The United Nations Human Rights Office released a damning report this week showing that Myanmar’s army has killed 702 civilians—224 women and 153 children—between August and January. These deaths came during a period the military labeled an “election,” yet the process is widely considered a sham, with major opposition parties effectively barred from participation.

Air strikes stand out as the most destructive weapon employed. The United Nations identified them as the “single largest cause of destruction and suffering” amid a civil war that erupted at the army’s coup in 2021. The most dangerous several months for civilians unfolded in the Sagaing region, where 191 people lost their lives—including 60 women and 30 children—because the military pressed to seize every stronghold.

In October, a drone launched a raid on a candlelit rally outside a school in Chaung‑U. According to the report, 23 people were killed, including four children, and more than 60 were injured. At the time the attendees were commemorating the end of Buddhist Lent and speaking out against the military’s forced conscription, elections, and oppression of political prisoners.

In December, a bomber targeted a tea shop in Tabayin, a popular gathering place for locals who were watching a football match. At least 19 people died, and another 20 were wounded.

The report also highlights that the Rohingya, a predominantly Muslim minority, suffer forced recruitment by regional militias, arbitrary arrests, massacres, and sexual violence. While the Rohingya are not usually identified as a native group of Myanmar, their plight underscores how the military exerts control over marginalized peoples who live on the nation’s periphery.

UN Human Rights Chief Volker Türk lamented that the people “seemed forgotten” by the international community. He warned that a decline in foreign funding for protection initiatives only compounds the harm caused by the military’s relentless attacks. Local protection groups—often volunteers who protect villages, preserve cultural heritage and maintain indigenous knowledge—are left with no sustainable budget to safeguard communities near battle lines.

Beyond air strikes, forced conscription via drone‑operated lethal raid threatens the cultural continuity of indigenous villages. The army’s deployment of high‑precision weaponry upgrades their battlefield presence and effectively eliminates any chance of a democratic exit from their grip on power.

The Myanmar military now governs the country as it appears in 2026, with General Min Aung Hlaing at its helm. He has turned the former coup leader into a “president” amid a political system where the army occupies one quarter of seats in parliament and a military‑controlled party—in effect—holds an almost uncontested majority.

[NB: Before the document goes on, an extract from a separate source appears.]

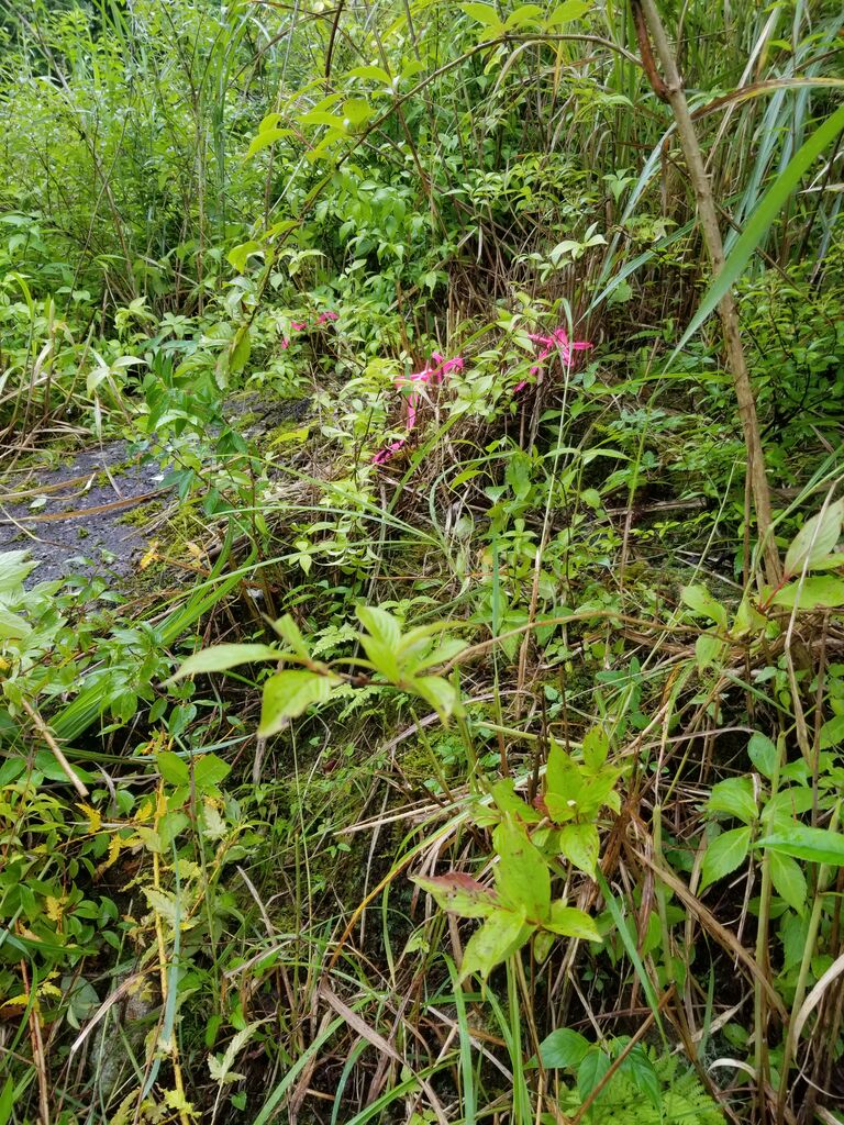 谷は、増水中で、渡る地点が、なかなか、決断できない。やっと、渡って、急坂を、鎌で草を刈りながら、甘茶のある地点にたどり着く。

For indigenous communities, the situation means losing more than just livelihood: The destruction of villages, loss of customary lands, and denial of civil space are erasing exactly what makes their cultures unique. Their ties to the earth—through farming, traditional medicine, and communal rituals—are under threat.

This article calls for renewed international pressure to end the army’s control over Myanmar’s political processes. The protection of civilian life and indigenous land rights requires significant and sustained humanitarian, economic, and legal support. The United States and European Parliament have already mandated critical funding cuts to Myanmar’s military, yet the numbers reported show a vacuum yet again for grassroots protection.